_Provided data_:
>>>>>
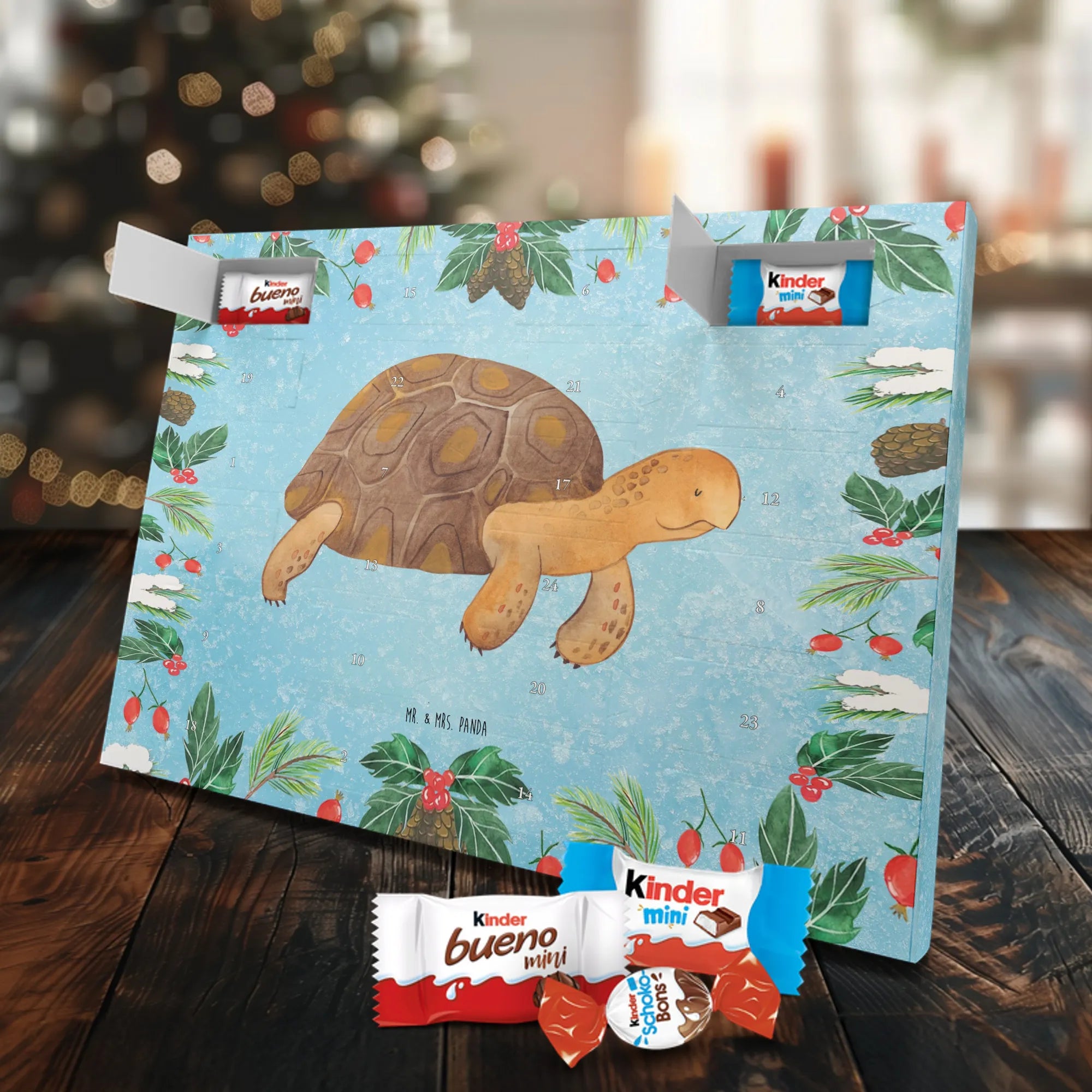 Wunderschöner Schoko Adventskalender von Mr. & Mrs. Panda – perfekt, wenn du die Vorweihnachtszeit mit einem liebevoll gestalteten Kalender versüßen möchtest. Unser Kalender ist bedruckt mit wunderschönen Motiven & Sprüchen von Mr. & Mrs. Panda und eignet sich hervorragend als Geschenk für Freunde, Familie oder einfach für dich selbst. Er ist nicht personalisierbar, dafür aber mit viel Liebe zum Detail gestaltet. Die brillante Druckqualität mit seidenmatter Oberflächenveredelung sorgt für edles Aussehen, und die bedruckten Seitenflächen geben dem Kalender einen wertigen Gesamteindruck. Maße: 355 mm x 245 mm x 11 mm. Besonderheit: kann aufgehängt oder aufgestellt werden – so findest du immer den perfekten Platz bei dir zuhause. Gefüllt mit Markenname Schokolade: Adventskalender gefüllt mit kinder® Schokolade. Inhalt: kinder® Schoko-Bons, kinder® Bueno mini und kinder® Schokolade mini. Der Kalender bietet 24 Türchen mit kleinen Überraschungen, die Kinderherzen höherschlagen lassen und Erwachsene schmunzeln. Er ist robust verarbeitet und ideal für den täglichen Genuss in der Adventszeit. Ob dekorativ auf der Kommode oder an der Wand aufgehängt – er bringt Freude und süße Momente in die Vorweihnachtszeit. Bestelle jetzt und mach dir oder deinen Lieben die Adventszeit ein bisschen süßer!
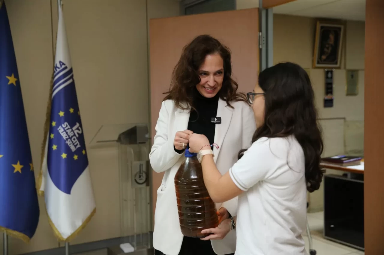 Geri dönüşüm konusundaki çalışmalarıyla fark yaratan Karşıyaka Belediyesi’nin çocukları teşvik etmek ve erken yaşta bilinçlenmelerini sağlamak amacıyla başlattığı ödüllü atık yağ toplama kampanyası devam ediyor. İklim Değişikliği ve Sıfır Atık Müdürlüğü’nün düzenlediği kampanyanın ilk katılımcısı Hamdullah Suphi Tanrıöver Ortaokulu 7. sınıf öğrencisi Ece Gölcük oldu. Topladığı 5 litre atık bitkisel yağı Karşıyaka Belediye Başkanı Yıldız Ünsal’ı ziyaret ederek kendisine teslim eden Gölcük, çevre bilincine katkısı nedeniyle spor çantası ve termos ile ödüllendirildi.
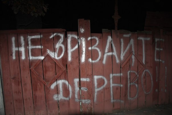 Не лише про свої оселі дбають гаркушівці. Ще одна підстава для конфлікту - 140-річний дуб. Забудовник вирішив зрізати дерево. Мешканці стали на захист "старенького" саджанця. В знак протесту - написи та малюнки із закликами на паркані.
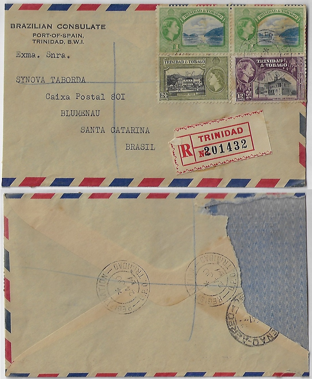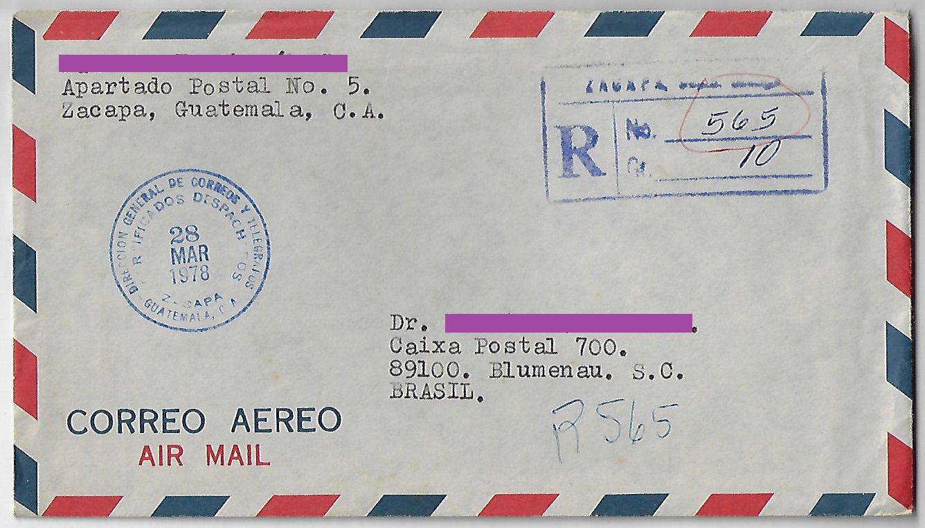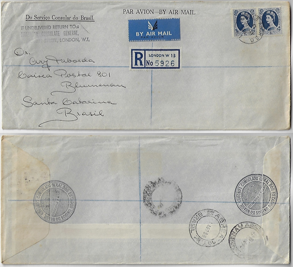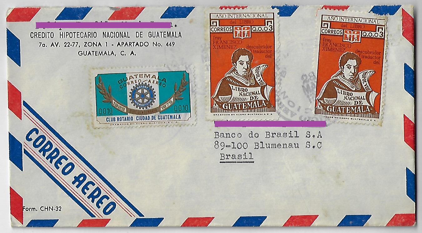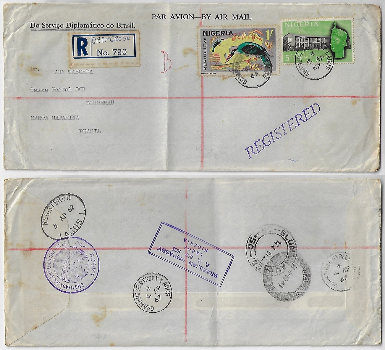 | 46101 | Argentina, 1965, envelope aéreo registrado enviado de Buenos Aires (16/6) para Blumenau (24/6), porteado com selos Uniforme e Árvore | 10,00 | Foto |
<<<<<
_What is being asked_:
Please repeat the lines above from the line containing "Не лише про" through the final line, both included, exactly as they stand and without pictures.

_Result of this exercise_:
 Не лише про свої оселі дбають гаркушівці. Ще одна підстава для конфлікту - 140-річний дуб. Забудовник вирішив зрізати дерево. Мешканці стали на захист "старенького" саджанця. В знак протесту - написи та малюнки із закликами на паркані.
 | 46101 | Argentina, 1965, envelope aéreo registrado enviado de Buenos Aires (16/6) para Blumenau (24/6), porteado com selos Uniforme e Árvore | 10,00 | Foto |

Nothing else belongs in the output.